Virgin Digital was an online music store operated in the United Kingdom and United States by the Virgin Group. It launched on 2 September 2005 in the UK, and was refreshed in November 2006 to run through web browsers, rather than the former Virgin Digital Player. The site closed down in late 2006 in the US, while the UK store closed in October 2007.

Virgin Digital offered individual tracks at £0.79 and most albums for about £6.49. Its subscription service, Digital Music Club, cost £9.99 per month. It had the singular distinction of being among the largest collected online music library, with over two and a half million downloadable tracks.

Purchased tracks could be transferred to other devices and burned to CDs. Subscription tracks were tethered to the PC (up to 3) and could be transferred to a portable music player, although this required the premium subscription service, at £14.99 per month. Song previews were 30 seconds in the Music Store, although full length tracks were available to subscribers.

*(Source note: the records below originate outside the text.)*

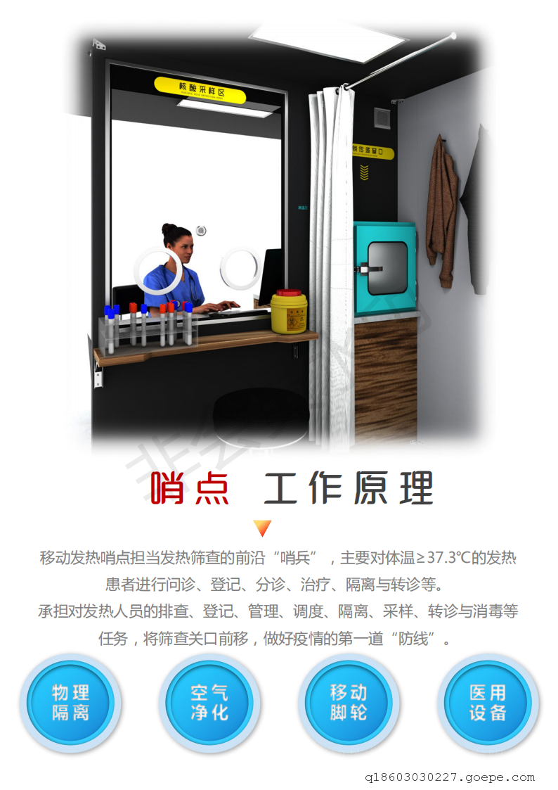 品牌:鸿越 型号:Y-01 加工定制:是 报警模式:移动发热哨点 探测频段:50 MHz 工作范围:40平方 m 工作电压:220 V 外形尺寸:1900*2200*2280 mm 重量:400KG 适用范围:医护人员、患者 移动发热哨点站方舱式临时无菌接触式隔离室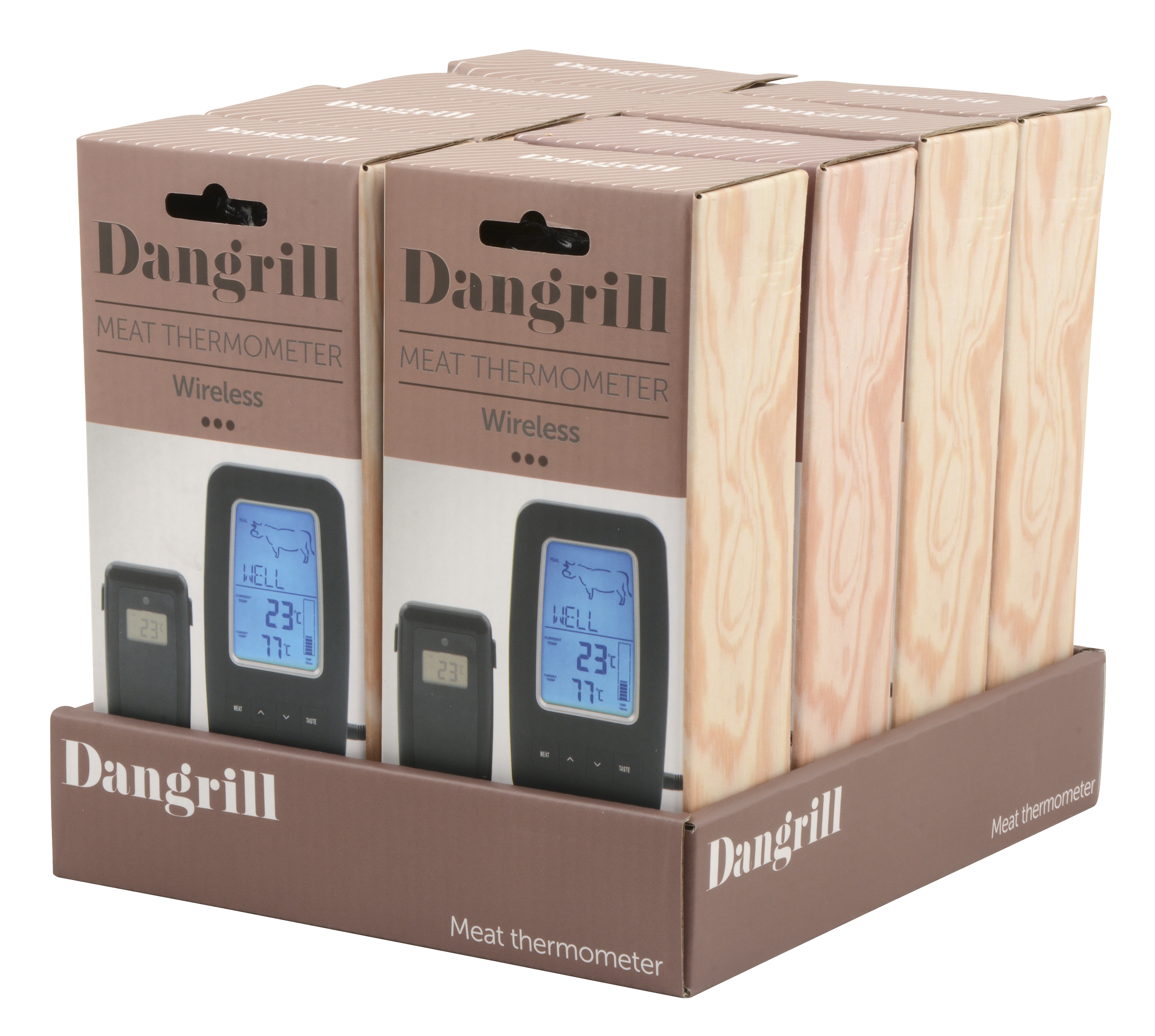 Hitamælirinn er búinn segli og fjölmörgum forstilltum aðgerðum sem tryggja að rétt hitastig sé valið fyrir hverja tegund kjöts og lætur þig vita þegar æskilegum hita er náð. Skjárinn lýsist upp með bláu ljósi meðan á notkun stendur.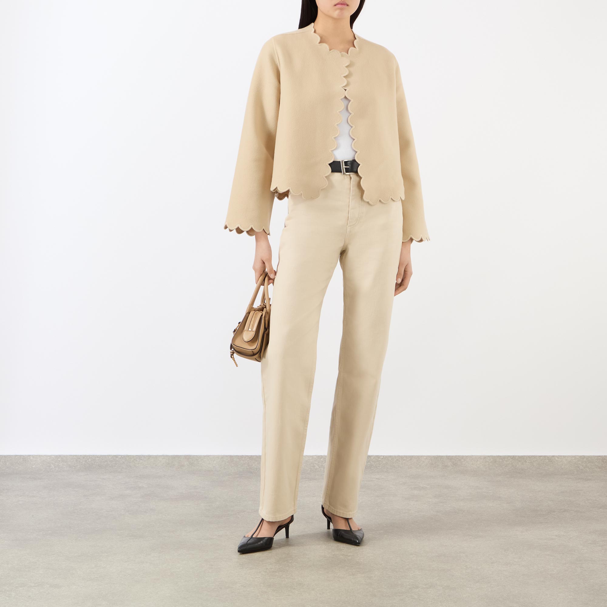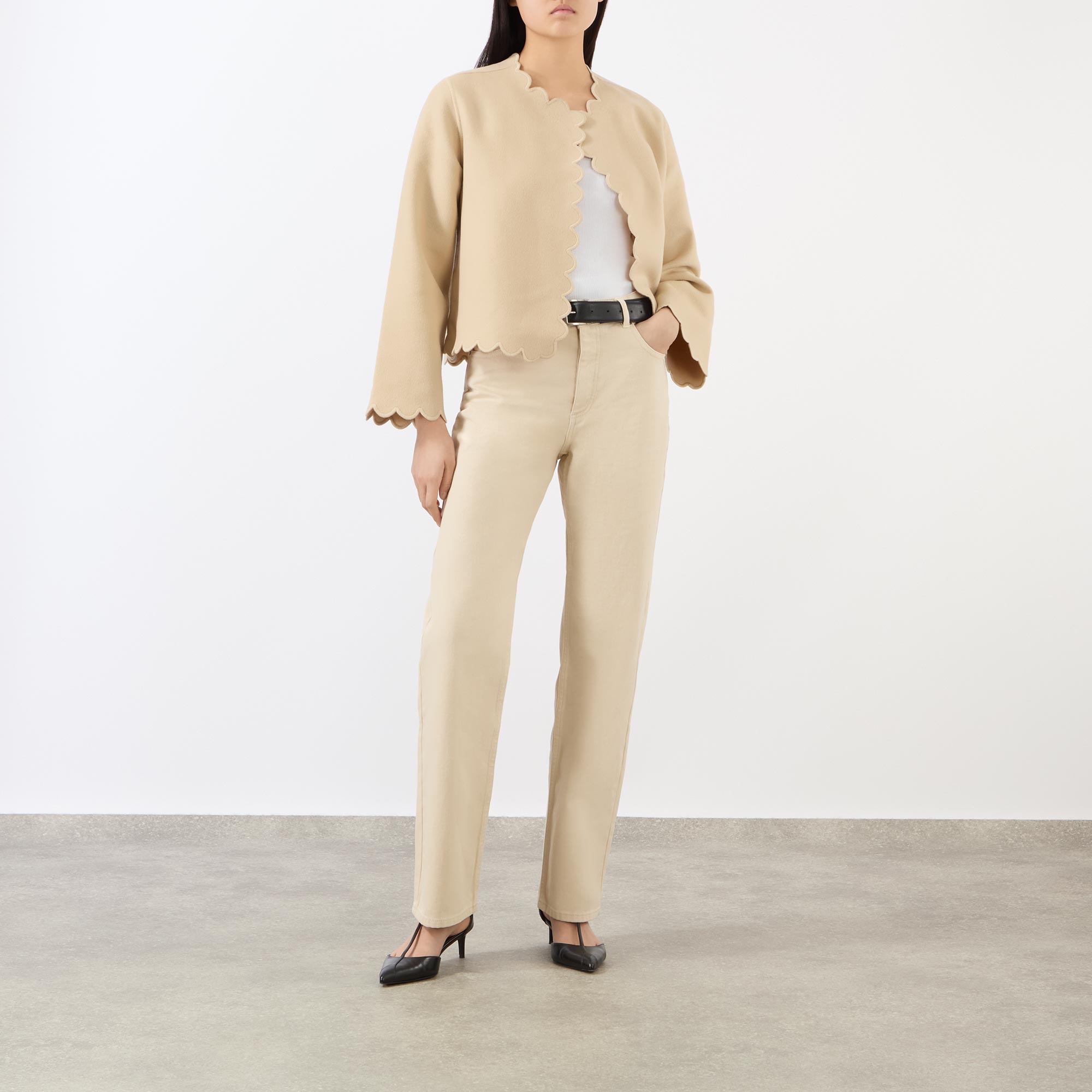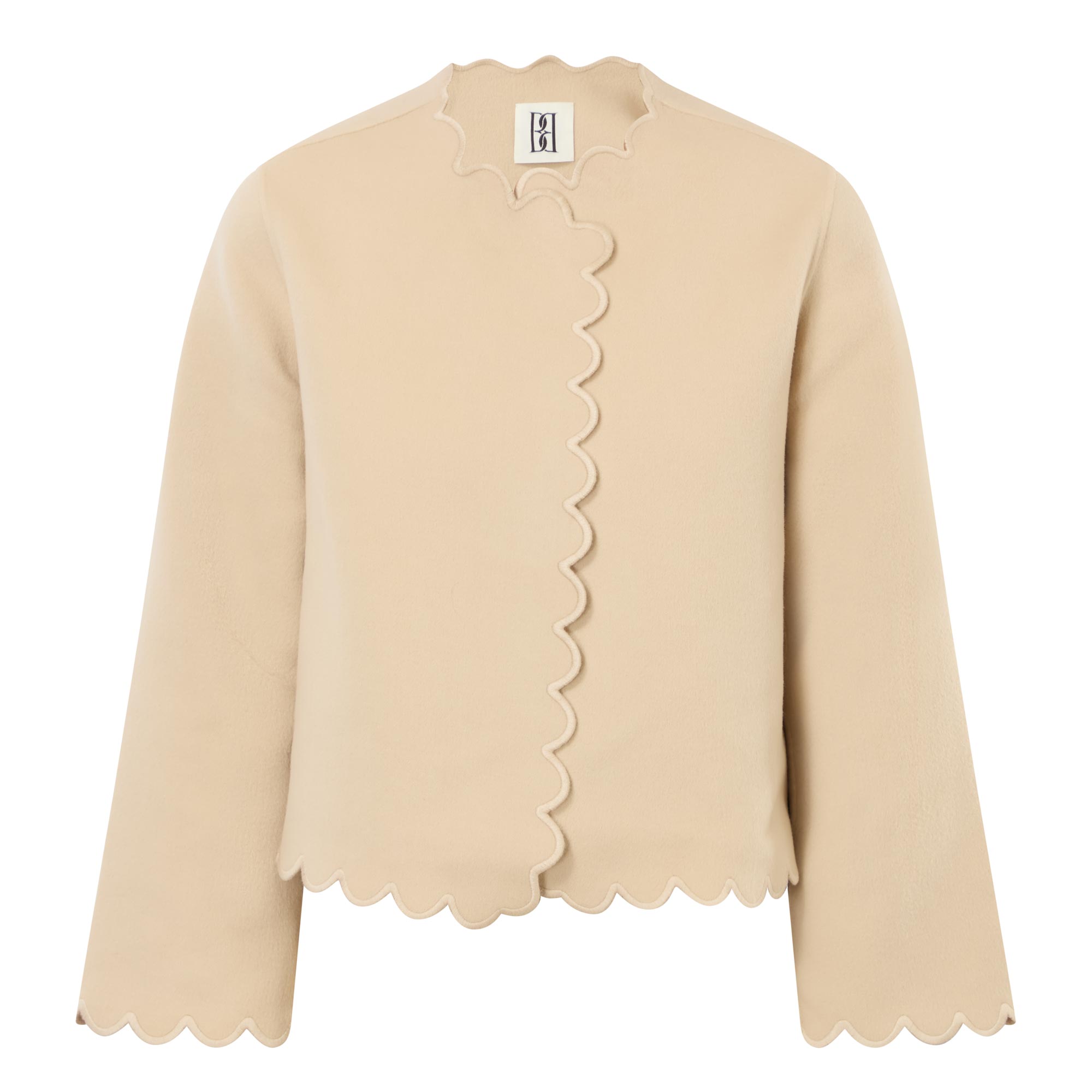 • Scalloped trims, long sleeves, open silhouette, unlined, double-faced wool

A chat function was considered to let subscribers communicate while browsing, downloading or listening to tracks.

==Closure==
Virgin Digital originally operated in both the United Kingdom and United States. The US store was discontinued in late 2006, and this website now redirects to Napster.

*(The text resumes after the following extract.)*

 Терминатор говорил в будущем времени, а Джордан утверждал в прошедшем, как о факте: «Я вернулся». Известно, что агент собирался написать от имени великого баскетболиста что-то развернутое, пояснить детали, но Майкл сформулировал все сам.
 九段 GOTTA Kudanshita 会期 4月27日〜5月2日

On Friday 21 September 2007, an announcement appeared on the Virgin Digital UK website stating the following: "Dear customer, we regret to announce that the Virgin Digital service is due to close. We will be taking no new customers from today, Friday 21 September."

The UK store finally closed on Friday 19 October 2007. Virgin have stated on their website that the decision to close Virgin Digital was so that the company could concentrate on offering digital media through Virgin Media, which has its own music store operated by OD2.